━━━ Given material

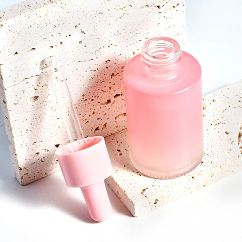 30ml高級空透明ピンクガラスフラットスクエアエッセンシャルオイルドロッパーボトル
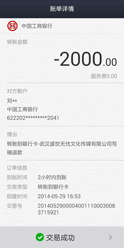 有位客户慕名来到无忧代笔网,要求写份电视专题片脚本。他按代笔服务流程提交了订单、准备了大量的资料,还未等在线写手老师答应接稿他就迅速汇了2000元定金。可当写手反复熟悉材料后,没有一件值得参考的。让他尽量提供,他却说再也找不到任何材料了。无奈,只有全额退款(如实景退款截图)。当收到公司财务退还的现金时,他说:“没想到你们还真能退款,相反这让我认识了你们。我准备好资料还会来的!”
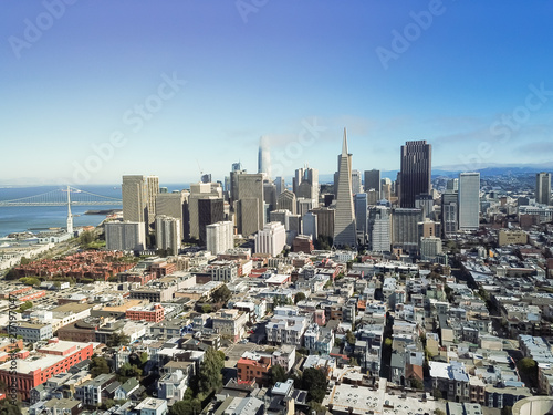 Fototapeta premium Aerial view Jackson Square neighborhood with downtown skylines and Bay Bridge in background
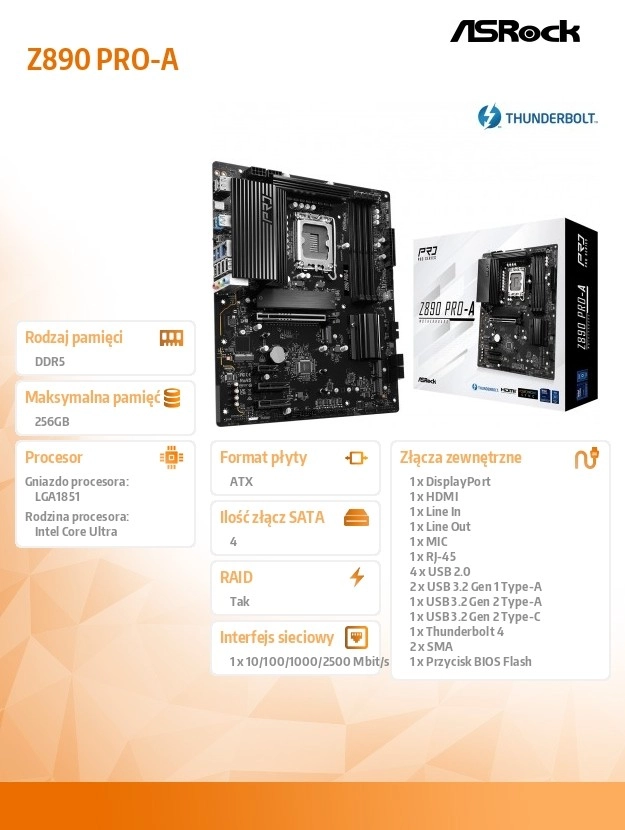 Bouw een modern pc-systeem op het Z890 PRO-A ATX-bord, met focus op stabiliteit, duurzaamheid en topklasse prestaties. De robuuste vermogenssectie 16+1+1+1+1 met Dr.MOS levert schone voeding voor zowel de processor als de geïntegreerde grafica, terwijl hoogwaardige componenten en beschermingen bijdragen aan een lange levensduur. Dankzij ondersteuning voor DDR5 Dual Channel met overklokken tot 8666+ (OC) behaal je maximale bandbreedte voor veeleisende apps en games.

━━━━━━

◆ **Task requirements**
Could you copy the data above exactly, leaving the pictures out?

◆ **Result**
 30ml高級空透明ピンクガラスフラットスクエアエッセンシャルオイルドロッパーボトル
 有位客户慕名来到无忧代笔网,要求写份电视专题片脚本。他按代笔服务流程提交了订单、准备了大量的资料,还未等在线写手老师答应接稿他就迅速汇了2000元定金。可当写手反复熟悉材料后,没有一件值得参考的。让他尽量提供,他却说再也找不到任何材料了。无奈,只有全额退款(如实景退款截图)。当收到公司财务退还的现金时,他说:“没想到你们还真能退款,相反这让我认识了你们。我准备好资料还会来的!”
 Fototapeta premium Aerial view Jackson Square neighborhood with downtown skylines and Bay Bridge in background
 Bouw een modern pc-systeem op het Z890 PRO-A ATX-bord, met focus op stabiliteit, duurzaamheid en topklasse prestaties. De robuuste vermogenssectie 16+1+1+1+1 met Dr.MOS levert schone voeding voor zowel de processor als de geïntegreerde grafica, terwijl hoogwaardige componenten en beschermingen bijdragen aan een lange levensduur. Dankzij ondersteuning voor DDR5 Dual Channel met overklokken tot 8666+ (OC) behaal je maximale bandbreedte voor veeleisende apps en games.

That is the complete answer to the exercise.